# GTR member



## GTR Bro (Jun 8, 2011)

Please point me in the direction to becoming a member and the benefits. Sorry if I have missed the obvious link.

Cheers,
Stu.


----------



## Fuggles (Jul 3, 2001)

No probs...............

There's a thread here shich lists some of the benefits: http://www.gtr.co.uk/forum/127648-gtr-owners-club-benefits-membership.html
It doesn't mention the 10% discount at Demon Tweeks by the way.
It also doesn't mention some of the other events we do, such as the FREE tickets to Goodwood this year, courteousy of Nissan, or the VIP day at Silverstone GT1, with lunch, our own suite and grid walk passes; again all FREE courteousy of Nissan.
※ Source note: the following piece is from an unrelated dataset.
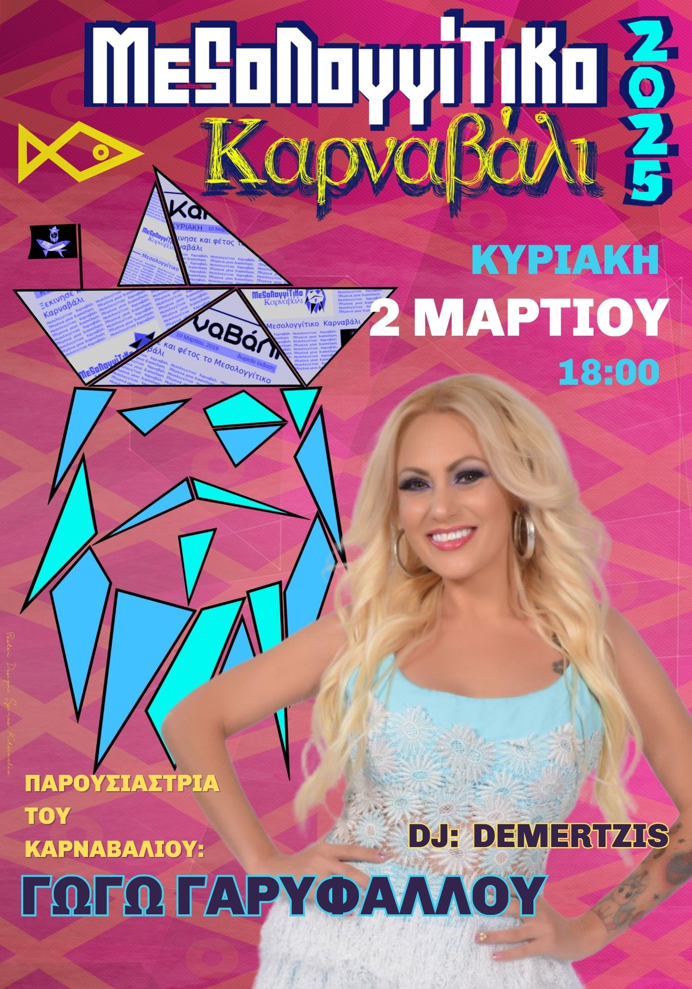 Η παρέλαση των καρναβαλιστών ξεκινά από την οδό Ελεύθερων Πολιορκημένων και καταλήγει στην Πλατεία Μάρκου Μπότσαρη, όπου θα γίνει ρίψη πυροτεχνημάτων. Μαζί μας η αγαπημένη παρουσιάστρια Γωγώ Γαρυφάλλου και ο DJ Demertzis.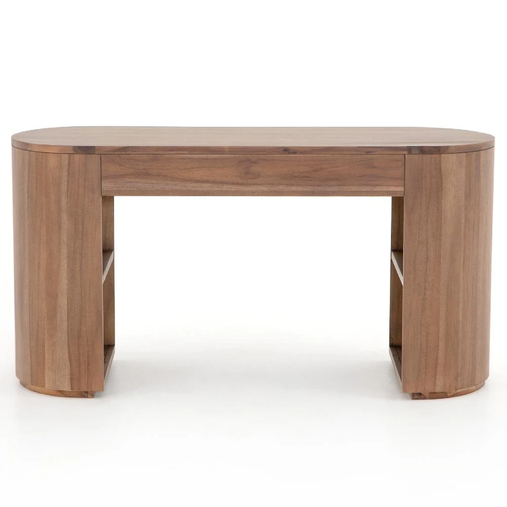 Nery Mid Century Modern Brown Walnut Wood Rectangular Office Desk

And I'm sure there are plenty of other benefits I can't think of right now


----------



## charles charlie (May 3, 2008)

10% off at Competition Car Insurance......


----------



## jcg (Oct 7, 2009)

I appear to have your reg number (BR0'5 GTR), contact me if you are interested?


----------



## GTR Bro (Jun 8, 2011)

jcg said:


> I appear to have your reg number (BR0'5 GTR), contact me if you are interested?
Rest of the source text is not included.